The interobserver agreement was evaluated by Cohen’s kappa statistic, where the kappa value (k) denotes the strength of agreement and is interpreted as follows: 0–0.2, poor; 0.2–0.4, fair; 0.4–0.6, moderate; 0.6–0.8, good; 0.8–1.0 very good. Statistical significance was defined as a p-value < 0.05. Statistical analysis was performed by MedCalc software version 9 (Mariakerke, Belgium).

3. Results

There were 81 thyroid nodules in 71 patients undergoing both nUS and FNA in the initial database. After applying our exclusion criteria, in our study, we finally included 41 nodules in 36 patients (Figure 1). Twenty-six patients were female (72.2%), and ten patients were male (27.8%). Median age was 15 years (11–17 years), with the final cohort including 12 prepubertal and 24 postpubertal patients. The nUS indication was the following: autoimmune chronic thyroiditis (±hypothyroidism) in 17 patients (47.2%); excluding thyroid disease in nine patients (25.0%); palpable thyroid nodules (±goiter) in six patients (16.7%); Graves’ hyperthyroidism in four patients (11.1%). Among the 36 patients, 28 (77.8%) had a solitary thyroid nodule, and eight patients (22.2%) had multiple thyroid nodules. The median nodule’ s maximal dimension was 13 mm (10–16 mm). Of the 41 thyroid nodules, 29 (70.7%) were benign (of which six (20.7%) underwent surgery) and 12 (29.3%) were malignant. Serum calcitonin was negative in all cases.

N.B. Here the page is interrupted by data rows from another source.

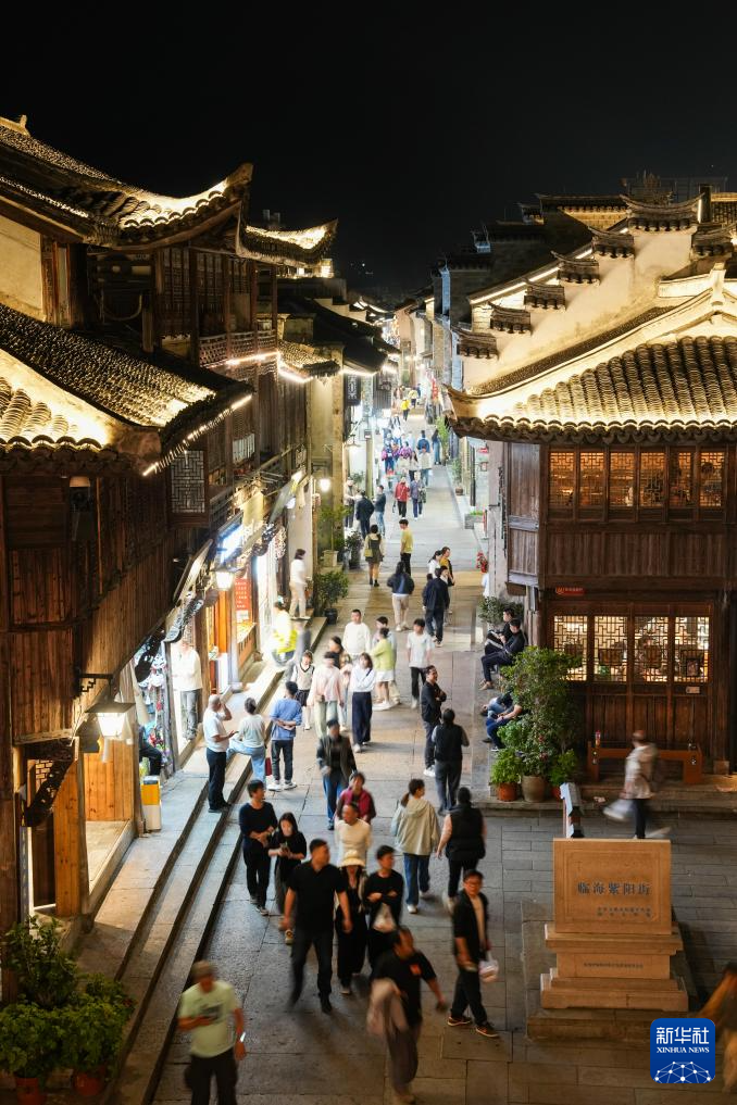 浙江省临海市台州府城文化旅游区总面积3.12平方公里,包括台州府城墙、紫阳古街、东湖、巾山等景点,是浙江省保存较为完好的文化古城之一。入夜后,众多市民游客前往台州府城文化旅游区,感受古城文化韵味与人间烟火味的交融。
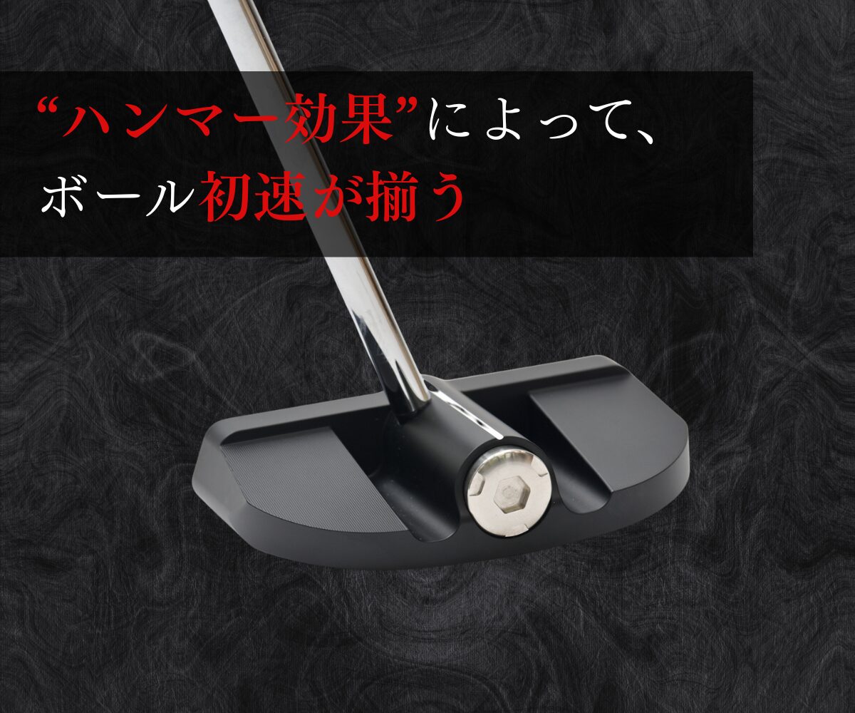 さらに、太いアライメントラインとの組み合わせでストロークが安定。 「ハンマー効果」による高い転がり性能が、パッティングをワンランク上へ引き上げます。
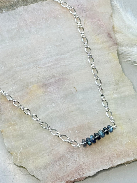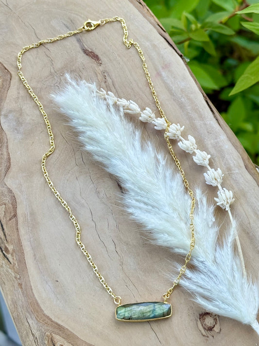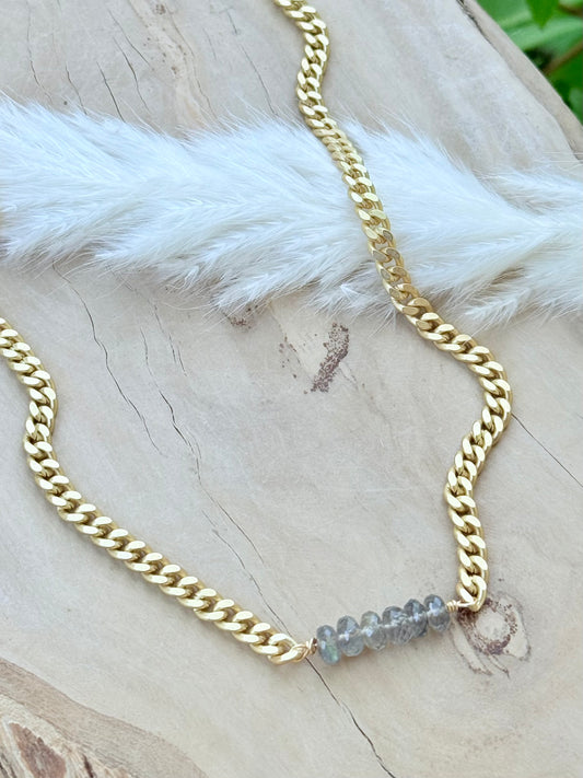 Luxe Grandidierite + Rainbow Moonstone Gold Necklace
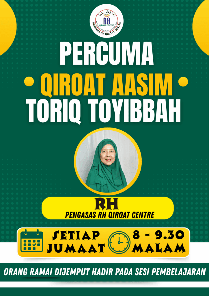 RH Qiroat Centre membuka kelas Percuma bagi Qiroat Aasim Toriq Toyibbah yang bermula pada 13 Jun 2025. Kelas ini akan diajarkan oleh RH dan akan diadakan pada:
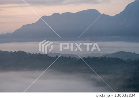 Foggy morning over tropical forest with mountain landscape in the background at Phadeng Peak, Luang Prabang, Laos

Most cancers were papillary carcinoma (10 (83.3%) of 12, nine conventional variants, including one multifocal and one follicular variant), followed by follicular carcinoma (two (16.7%) of 12). Median maximal dimension of malignant thyroid nodules was 10 mm (7–13). The characteristics of our patients are shown in Table 1.

The distribution of thyroid nodules according to the ACR-TIRADS, EU-TIRADS, K-TIRADS, and ATA US RSS risk levels is summarized in Table 2. The highest number of nodules (16 of 41 nodules) fell into the intermediate-risk category (i.e., TR4, EU-TIRADS 4, K-TIRADS 4, intermediate suspicion). A 100% cancer prevalence was observed in the high-risk class (i.e., TR5, EU-TIRADS 5, K-TIRADS 5, high suspicion). While 6/12 (50%) of cancers were assessed by the highest-risk category (i.e., TR5, EU-TIRADS 5, K-TIRADS 5, high suspicion), the remaining half were classified as at low or intermediate risk in all US RSSs.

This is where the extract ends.